If the teenager cannot actually use her fat pipe, 100% of the time, then stop lying about what it is you have sold to her. Either charge more or advertise less. It's as simple as that.

When I as a CEO, and millions of others like me, buy #MB upstream and #MB downstream, and utilize it 100%, 24/7, no one quakes over the calamity of the internet backbone melting down.

All of this discussion over filtering is really a discussion of pricing. And the fact that we are talking about it in the wrong terms is creepy.

Believe me, you do not want a bunch of unaccountable telecom bureaucrats playing god with the backbone. You want a free market making these decisions.

Time and Money (1)

howman (170527) | more than 5 years ago | (#25945213)

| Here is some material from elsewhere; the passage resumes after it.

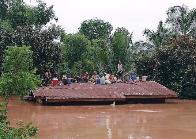 Người dân đứng trên mái nhà sau khi nước nhấn chìm nhiều làng mạc sau sự cố vỡ đập (Ảnh: ABC Laos) |
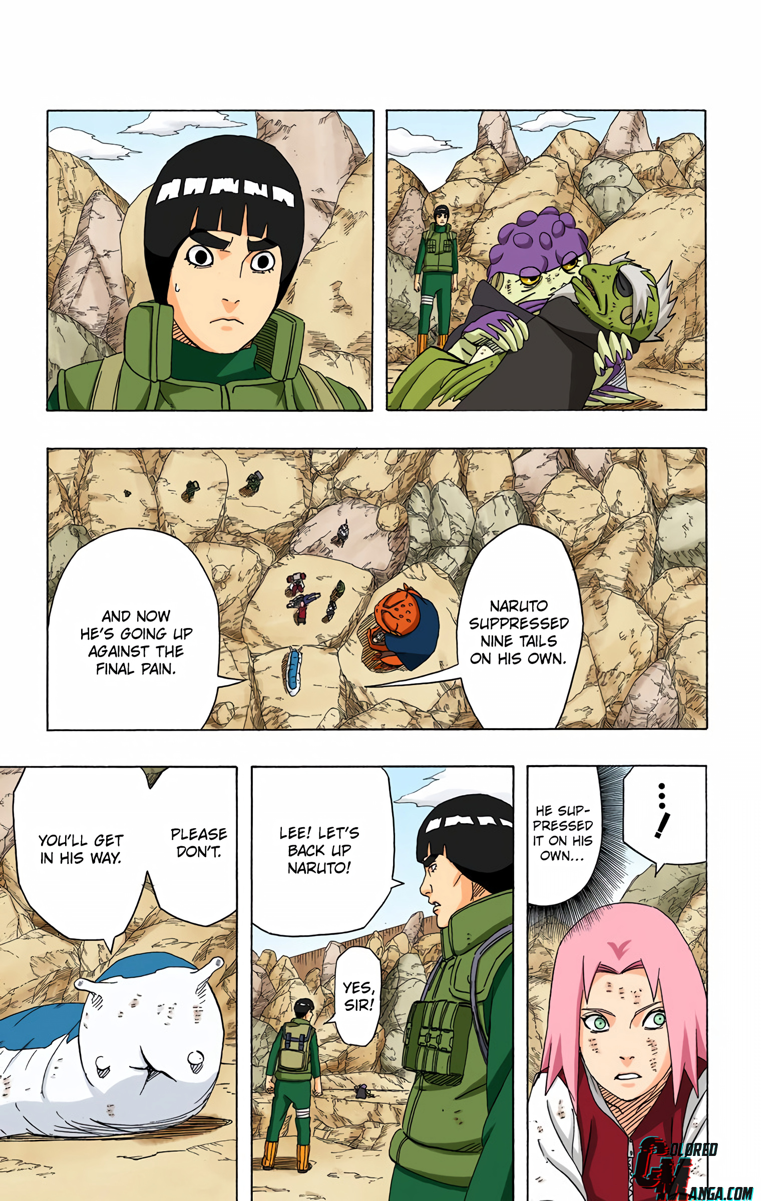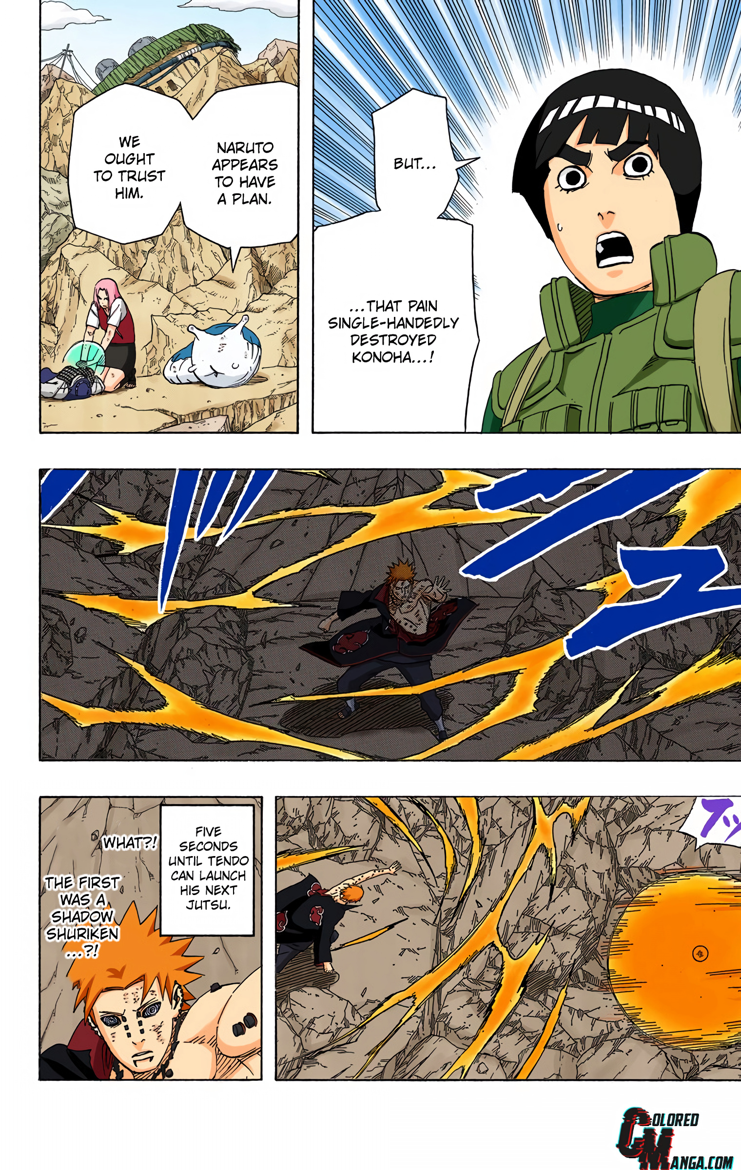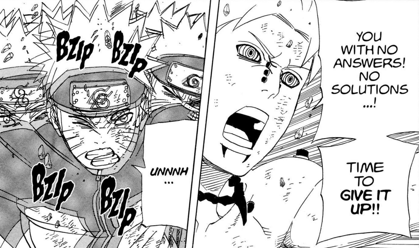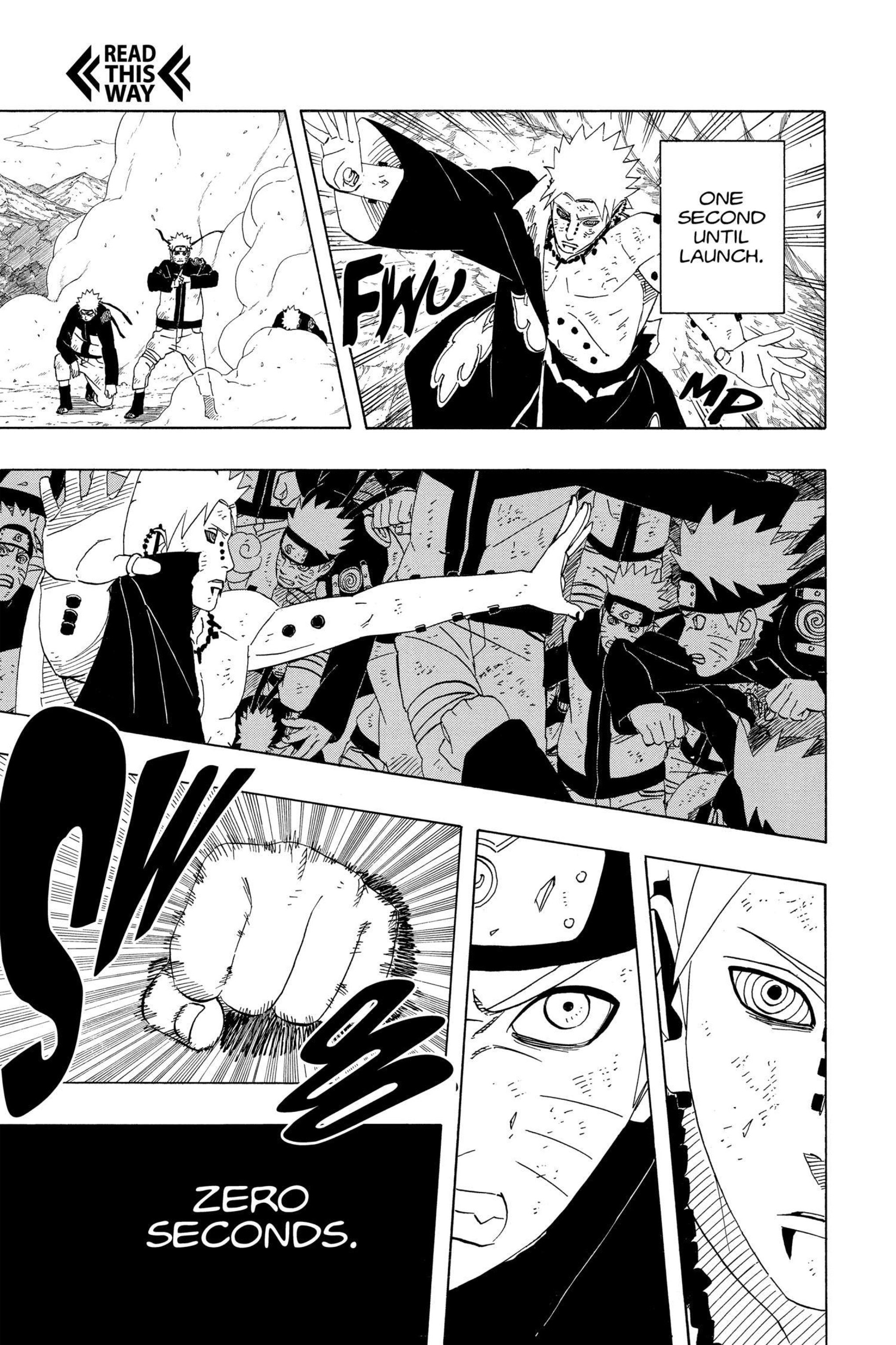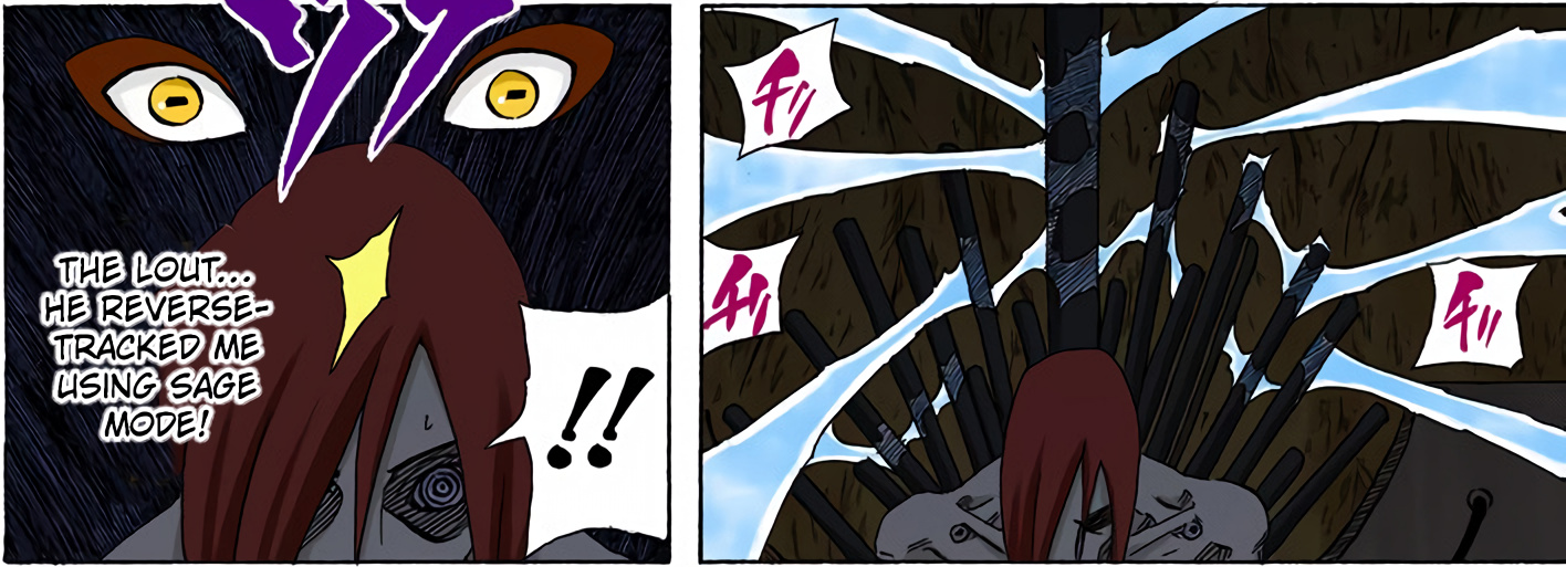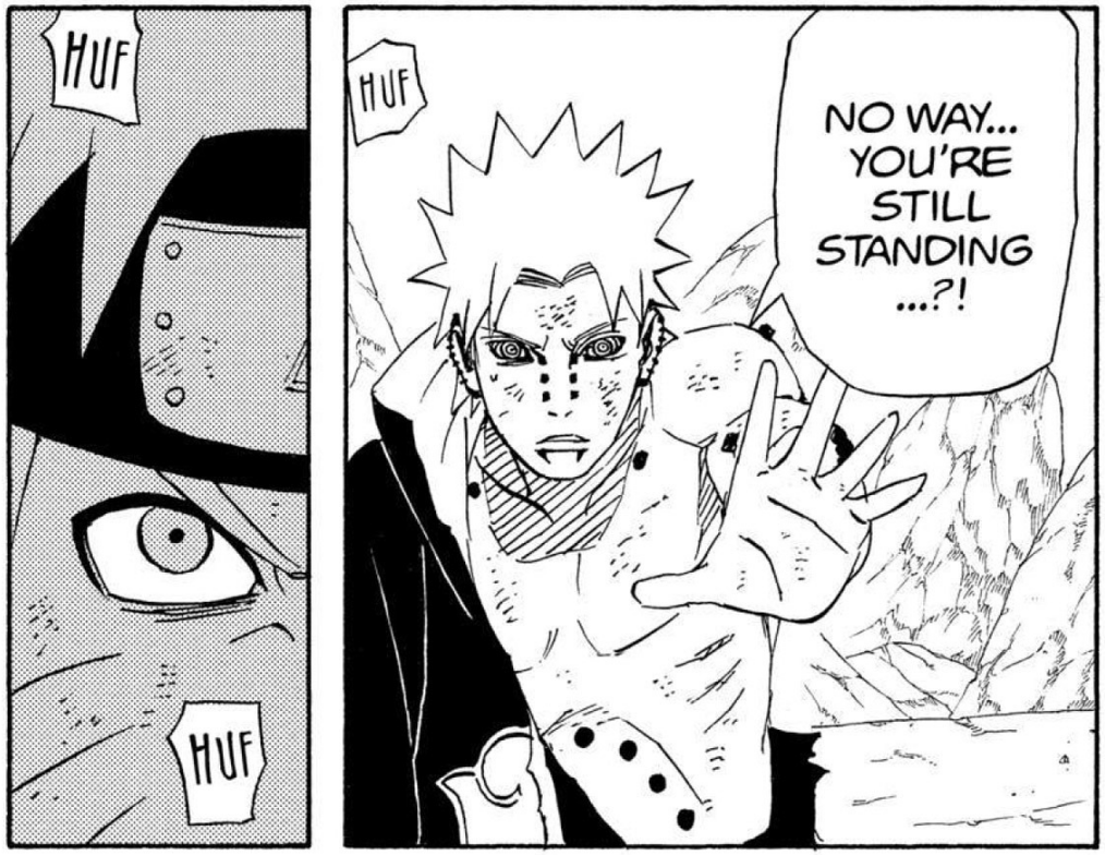 >>286687515> you'll get in his wayLMFAO. Can't even say this was due to a lack of planning, we have known about the 8 gates since the chunin exam. I'm not confident the six paths could have taken Guy with 7 gates.Also, Lee lookin at those frogs like "who are these guys" kek>>286687566>>286687582hard to tell what's happening here. No, I don't need anyone to explain it.>>286687629>>286687655This is dumb and impossible for Pain not to notice, but I think it's funny how it's the exact same bullshit Kakashi pulled so I'm letting it pass.>>286687705This however is the bad kind of dumb and does not get a pass. Tendo blew the giant frogs halfway across the country, no way you can resist the push like this.>>286687724Someone else said the bottom panel should have been Konoha ninja holding him up instead of clones, and I wholeheartedly agree. That would be actual theming, and it would make Tsunade keeping everyone alive purposeful.>>286687749What a terrible way to end the fight. Konohamaru could have dodged this. Just another specific scene Kishi wanted to draw, with no natural progression.

Perhaps if the big telco's spent a bit more on upgrading, widening and developing their networks rather than just pounding penny profits to shareholders this wouldn't be an issue. When are they going to realize that the people paying $35 ~ $200 a month for services which today cost about 10% of the charge are the real shareholders, and are the only real reason they are in business.

What intense spin! (1)

KonoWatakushi (910213) | more than 5 years ago | (#25945305)

Richard Bennett could not more obviously present himself as a shill for comcast and the like. The article is complete nonsense, attempting to portray bittorrent as the enemy of the Internet.

This idiot drones on about the "ungentlemanly" conduct of using UDP for such purposes, but conveniently avoids the fact that comcast/sandvine caused this mess by injecting face TCP resets, to break bittorrent's TCP connections. Well, what does he expect would happen?

Obviously, UDP is not a good choice for bulk transfers as it lacks congestion control, but lets be fair about where the fault lies. This is not something that can be worked around at the application level, and after being pushed into this corner, there is little else that can be done to work around their abuses of the TCP protocol.